V4020 Venezuelan Equine Encephalitis Vaccine: Mitigating Neuroinvasion and Reversion Through Rational Design

Abstract

There is a need for safe and effective vaccines against the Venezuelan equine encephalitis virus that infects both humans and equines. However, development of a live-attenuated vaccine using the TC-83 strain has been hampered by substantial reactogenicity and the potential for neuroinvasion. In this study, we demonstrate that V4020, a new TC-83-based investigational VEEV vaccine with redundant safety features preventing neuroinvasion and reversion, exhibited no neuroinvasion potential in a murine model. Following subcutaneous or intramuscular administration, a subset of mice that received the TC-83 vaccine succumbed to central nervous system infection, with replicating virus detected in the CNS, demonstrating a low, yet detectable neuroinvasion potential of the TC-83 vaccine in vivo. Sequencing analysis of the TC-83 virus recovered from the brains identified a pseudoreversion of E2 R120I, as E2 R120 is known to confer attenuation for TC-83. In contrast, V4020 showed no evidence of virus in the CNS, highlighting one of the V4020 features, a new synonymous codon to minimize reversion to the wild-type residue. Overall, our study establishes V4020 as a rationally designed, safe vaccine candidate for VEEV with significantly reduced neuroinvasion risk.

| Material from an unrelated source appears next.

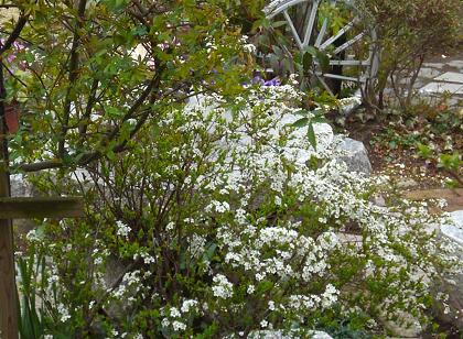 未明からすごい風が吹いています。群馬は赤城山からの風が強く、赤城おろしと言われて有名ですが、今にも折れそうなほど、すべての木が揺れに揺れています。白い花をつけた雪柳の四方に伸びた枝も、頭を振るように、揺れています。向こうに見えている車輪は、壊れた自転車のタイヤを白く塗ったものです。自分でレンガをコツコツと敷いて、小道を作ったりして、楽しんでいます。 毎年見に行くカタクリの山で、カタクリが素晴らしいとの情報が・・・。太陽が射さないと、カタクリは花を開いてくれないので、美しさも半減。お天気が晴れなら、今日見に行こう、と話し合っていましたが、この風では、山へ登るのも怖いようだし、落ち着いて見ることもできません。明日は午後から二泊で出かけます。帰ってからではもう遅いし、どうしようかな。午前中に行ってみようかな。花の見頃と、時間の追いかけっこです。

Keywords: VEE; Venezuelan equine encephalitis; live attenuated VEEV vaccine; neuroinvasion; pseudoreversion.

Figure 1

Clinical signs of activity (ACT), grimace (GRI), grooming GRO), and neurological (NEU) abnormality from mice infected with TC-83 and V4020. Clinical signs from mice infected with TC-83 (A,C) and V4020 (B,D) after SC (A,B) and IM (C,D) administration. The scores on y-axis represent the mean scores from 10 mice. Scores were presented with a scale of 0–4 (none to severe) in the stacked column format.

Figure 2

Blood cell type analysis after vaccination with VEEV TC-83 (A) and V4020 (B). Graphs show mean ± S.D. from 10 samples per group. *, p ≤ 0.05; **, p ≤ 0.01; ***, p ≤ 0.001; ****, p ≤ 0.0001 by Dunnett’s multiple comparison test compared to the PBS control.

Figure 3

Detection of viral RNA in the brain tissues by RNAScope analysis from TC-83-vaccinated mouse. Brain tissues from mock (A), TC-83 IN (B), TC-83 SC (C), and TC-83 IM (D) administrations were subjected to RNAScope assay with a probe specific to VEEV (brown stain). OB, olfactory bulbs; CO, cerebral cortex; H.C., hippocampus; CB, cerebellum. Representative images from three samples per group. Scale bars represent 250 µm.

Figure 4

Detection of viral RNA in the brain tissues by RNAScope analysis from V4020-vaccinated mice. Brain tissues from V4020 SC (A) and V4020 IM (B) administrations were subjected to RNAScope assay with a probe specific to VEEV (brown stain). CO, cerebral cortex; H.C., hippocampus; CB, cerebellum. Representative images from three samples. Scale bars represent 250 µm.

Figure 5

Tissue weight analysis of TC-83 and V4020 vaccinated mice. Tissue weight analysis of SC (A) or IM (B) infection of VEEV TC83 and V4020 in the Balb/c mouse (n = 3) model at DPI 6. *, p ≤ 0.05; **, p ≤ 0.01; ***, p ≤ 0.001; ****, p ≤ 0.0001 by Tukey’s multiple comparison test.

Figure 6

Pseudoreversion of TC-83 and the strategy implemented in V4020 to minimize the risk.